シークレットガール!【完】
“サクラ サクラ サクラ”
何でこんなに彼は泣いているのだろうか。
彼の耳には、桜の花びらのピアスがキラリと光る。
ふと、あることを思い出す。
“ねぇ知ってる?402室の藤崎さくらさんって。あの子、もう余命が少ないんですって”
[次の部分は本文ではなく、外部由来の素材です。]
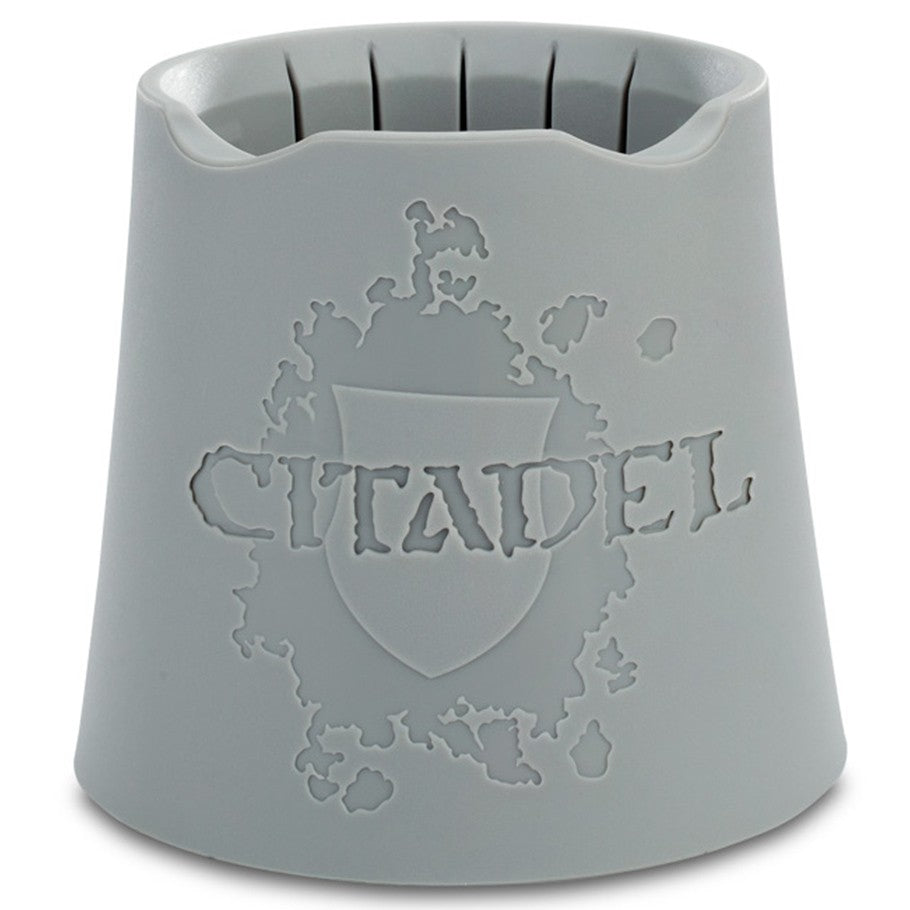 More than just a container holding water, the Citadel Water Pot has been designed by painters, for painters. Constructed from durable grey plastic, the base and inner side walls of the water pot have ribbed sections, whose textures have been chosen to clean brushes in the most effective manner. A canal at the top allows you to store bushes horizontally when not in use, and the sides feature tapered grooves – once you’ve cleaned your brush in the water, draw the bristles up through these grooves to restore a nice, fine point!

“とても可愛らしい子だったわよね。それに彼氏くんもスゴいイケメンで美男美女な感じだったわよね”
“そうそう。なんか、彼氏くん可哀想よね。彼女がいなくなってしまうなんて。いつも、桜の木の上で泣いてるわ”
病院を歩いていたとき、聞こえたベテランの看護師さん達の会話。
彼は看護師さん達のいう“藤崎さくらさんの彼氏くん”だと確信した。
“藤崎さくら”って人が酷く羨ましかった。
だって、こんなにも悲しんでくれる人がいるのだから。
あたしなんて、………………。
黒く渦巻く感情が胸の中を縦横無尽に動き回る。
けれど、あたしは彼をほっておきたくないと思ってしまった。
彼の涙が美しいと思ってしまった。
だから、毎日、彼が泣いている桜の木を窓から見ていた。
…何をしたいのだろうか。
理由なんて分からなかった。
ずっと見ていて、分かったことは沢山ある。
彼は彼女さんの前では笑顔で振る舞っているらしく、弱味を見せないということ。
あたしは、もし彼女のように学校に行ったら彼のような存在が出来るかもしれない。
そう思って、あたしは高校行きたい。なんて思った。
もともとあたしは高校に行くつもりは無かった。
名前も知らない彼と藤崎さくらさという彼女に心を動かされたのである。
本格的に高校に入ろうと思ったのは、3月で。
もう合格発表も終わっていた。
けど、どうしても入りたくて。
その高校の理事長やら色々な人と掛け合い、運よく特待生枠を手に入れた。
──『ねぇ北府高校に入学するの?』
綺麗なソプラノ声が聞こえて、あたしの世界が色づき始めたのだ。